Finding important health determinants through regression analyses is a fundamental approach in all the health sciences. In this project, we focus on two domains, genetic epidemiology and integrative genomics, where advances are made by taking full advantage of new high-throughput technologies, leading to the collection of a vast set of explanatory variables. In these domains, desirable statistical outputs are reproducible regression models that select only a few relevant predictors (i.e. risk factors, SNPs, transcripts) amongst a very large set of possible candidates, together with good assessment of how uncertain their role is.
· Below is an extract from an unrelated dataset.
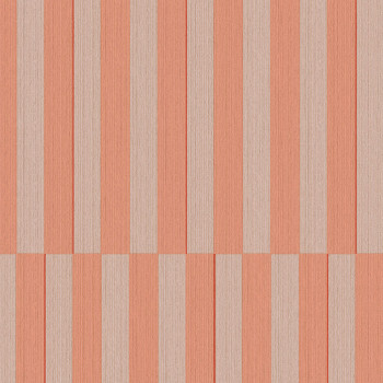 Zart geprägte gestreifte Vliestapete im Retrostil, Rosatöne, manchmal rote Linien.
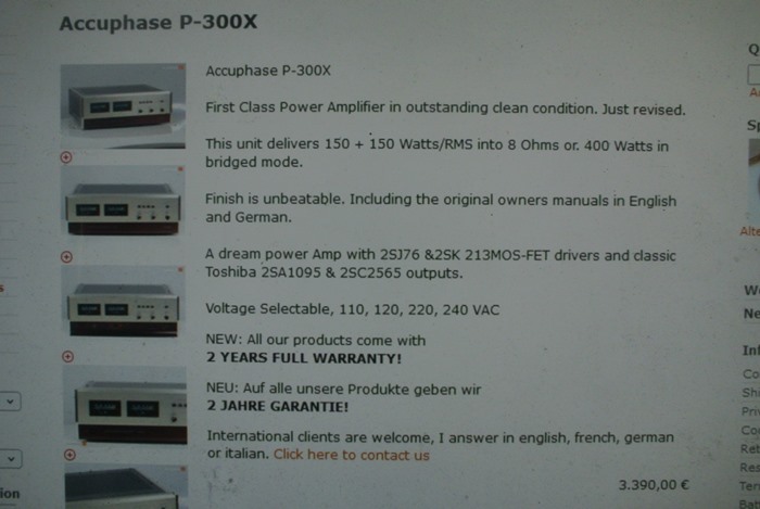 ACCUPHASE P-300X ผลิต Japan ใช้ไฟ 220V สายไฟฟ้าที่ติดมากับตัวเครื่องมีขนาดใหญ่มาก เพื่อให้สามารถเป็นสื่อนำกำลังไฟฟ้าเข้าตัวเครื่องได้อย่างมีประสิทธิภาพ เช่นเดียวกับสายไฟฟ้า AC Power Cord ราคาแพงเลยทีเดียว ตัวเครื่อง และกล่องไม้ธรรมชาติยังอยู่ในสภาพที่สวยงามมาก จอ VU Meter ยังติด และเข็มยังกระดิกเป็นปกติทั้ง 2 ข้าง ปุ่มควบคุมการทำงานทั้งหมดยังใช้งานได้เป็นปกติอย่างมีประสิทธิภาพ

Our approach is to build upon the unifying Bayesian hierarchical modelling paradigm to construct parsimonious regression models that can translate the underlying biology and facilitate the interpretation of results. The team of investigators have recently completed the development of a sophisticated algorithm, the Evolutionary Stochastic Search algorithm, which efficiently implements a Bayesian variable selection procedure for linear regression models in spaces containing thousands of predictors. The project?s aim is to capitalise on this foundation work and substantially expand it to build a powerful and versatile tool kit of regression models applicable to a wide range of ?cross-omics? analyses, i.e. analyses that involve two or more different types of ?omics? data, each of large dimensions. Such cross-analyses will become a major focus of research in functional genomics in the years to come, in parallel with the advent of new biotechnologies.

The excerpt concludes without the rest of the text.